The final plan the Department of Environmental Protection (DEP) must create is the citywide plan, which basically covers all the water that connects the individual waterways it has already addressed. According to the advocates at the S.W.I.M. Coalition, this final plan will cover “every borough in New York City and encompasses the Hudson River, East River, Lower and Upper New York Bay, Harlem River, Arthur Kill and Kill Van Kull off of Staten Island, and the western portion of Long Island Sound.”

The plan was due in December 2017, but the city got a one-year extension from the start Department of Environmental Conservation (DEC). Last month, the DEP asked DEC for another 15 months citing the complexity of the plan, the need to coordinate with New Jersey on issue affecting the shared harbor, the desire to have a more robust public outreach effort and the need to craft a new contract for the outside consultants that assist the city with these plans.

DEP says it has invested $4.2 billion for completed and ongoing projects to further improve water quality and “testing confirms that NY Harbor is cleaner today than it has been since the Civil War.” The new projects in the 10 completed long-term plans will mean another $5 billion in work.

“As early as January of 2017 DEP began raising the issue of additional time needed to complete a citywide plan due to the complexity of the analysis of multiple waterbodies and nine separate wastewater treatment plant drainage areas, coordination with New Jersey DEP (and their own Long Term Control Plan), the evaluation of early-tipping regulators, and an enhanced public participation process, amongst other issues,” DEP spokesman Ted Timbers told City Limits. “DEP is proposing to submit a citywide/open waters Long Term Control Plan by March 31, 2020. This additional time would allow for a thorough review and additional public comment.”

The S.W.I.M. Coalition said in a note to members this week it supported the extension, with caveats. “Despite the urgency to clean up the city’s waters, we recognize that submission of a flawed LTCP in December 2018, without opportunity for public input, would not advance our shared goals of solving the city’s extreme and long-standing sewage pollution problems,” it read. The coalition wants specific, enforceable deadlines for water testing, contracting, laying out alternatives and producing a draft plan.

A key facet of the discussion is around the public engagement process. The city released broad outlines of earlier LTCPs for public comment and then submitted their much larger final proposals to DEC without the public having a chance to weigh in on what was done about their critiques and suggestions.
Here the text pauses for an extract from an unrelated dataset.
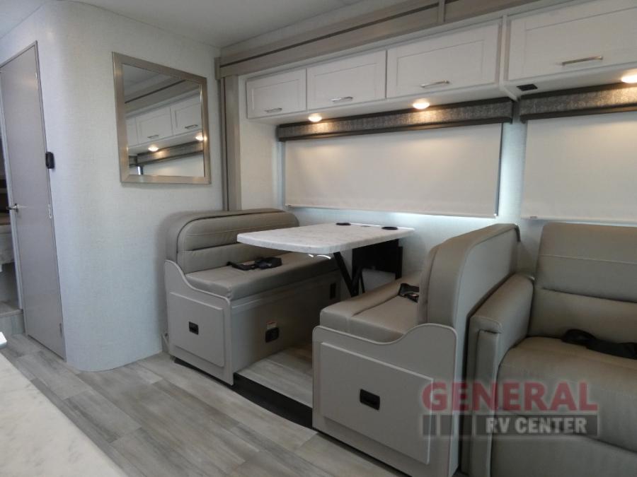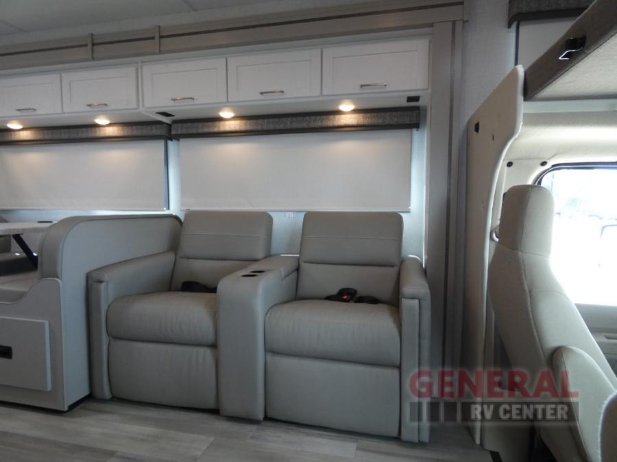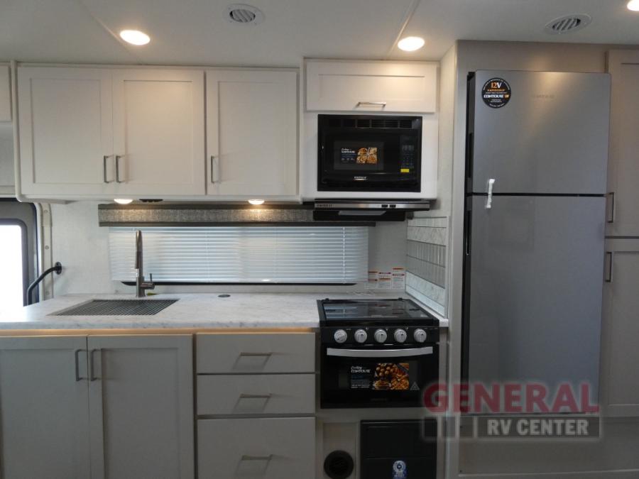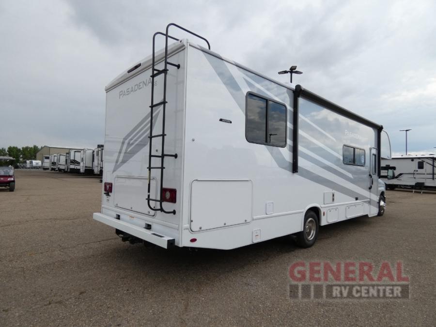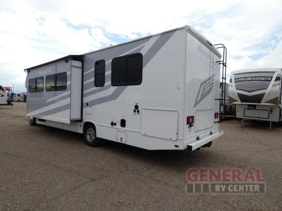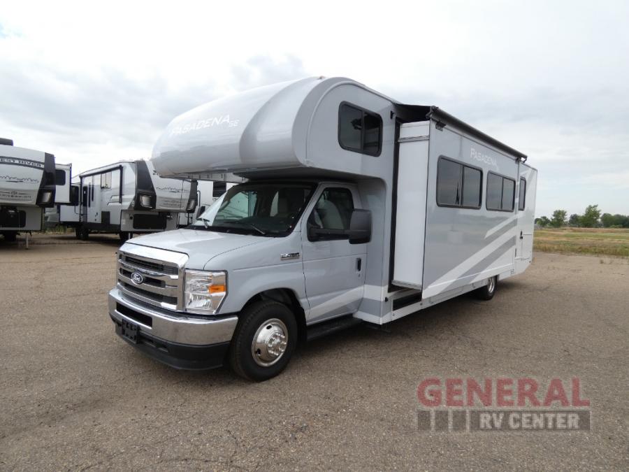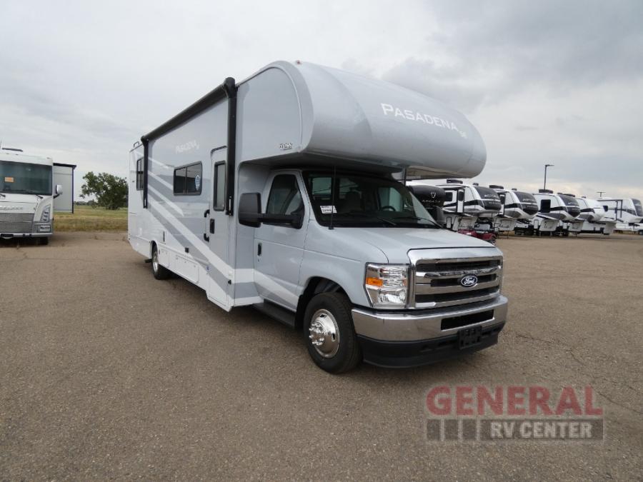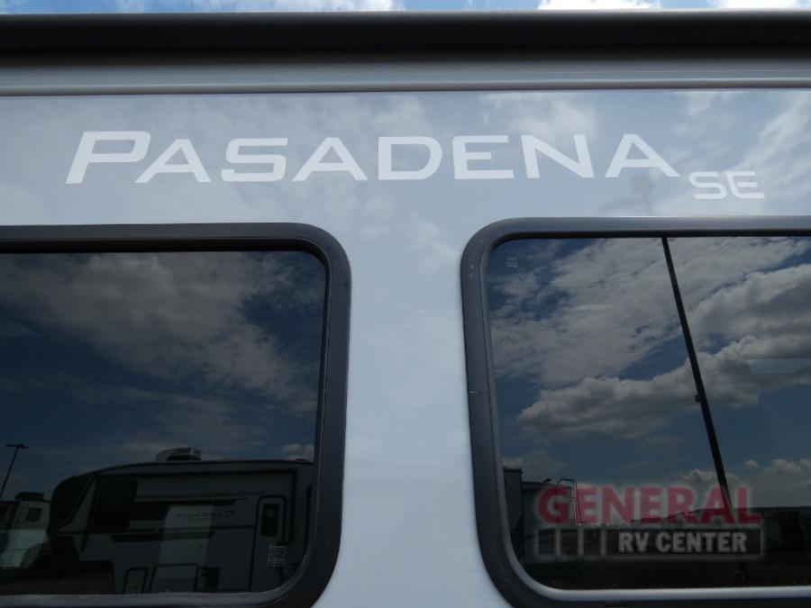 With any Pasadena SE Class C gas motorhome by Thor Motor Coach, you will find convenient amenities, a modern interior, and a reliable Ford E-Series chassis on select models to power your adventures. There is a one-piece fiberglass front cap, and premium one-piece roofing for added strength. Residential vinyl flooring will be easy to keep clean, and you'll love the LED lighting, pressed laminate countertops throughout, and full-extensions ball-bearing drawer guides. These motorhomes also include a generator and a 30-amp shoreline power cord to keep you going, along with a tankless water heater to ensure your comfort!

DEC offered no avenue for public comment. This irked advocates.

Now DEP is proposing two comment periods: one on the list of possible policies, and one on the list of policies DEP intends to adopt.

But S.W.I.M. still feels the city “has not committed to a meaningful public participation plan worthy of delaying the implementation of the Citywide LTCP,” according to its letter to the state, because the full plan still won’t be seen by the public until it is submitted to the state.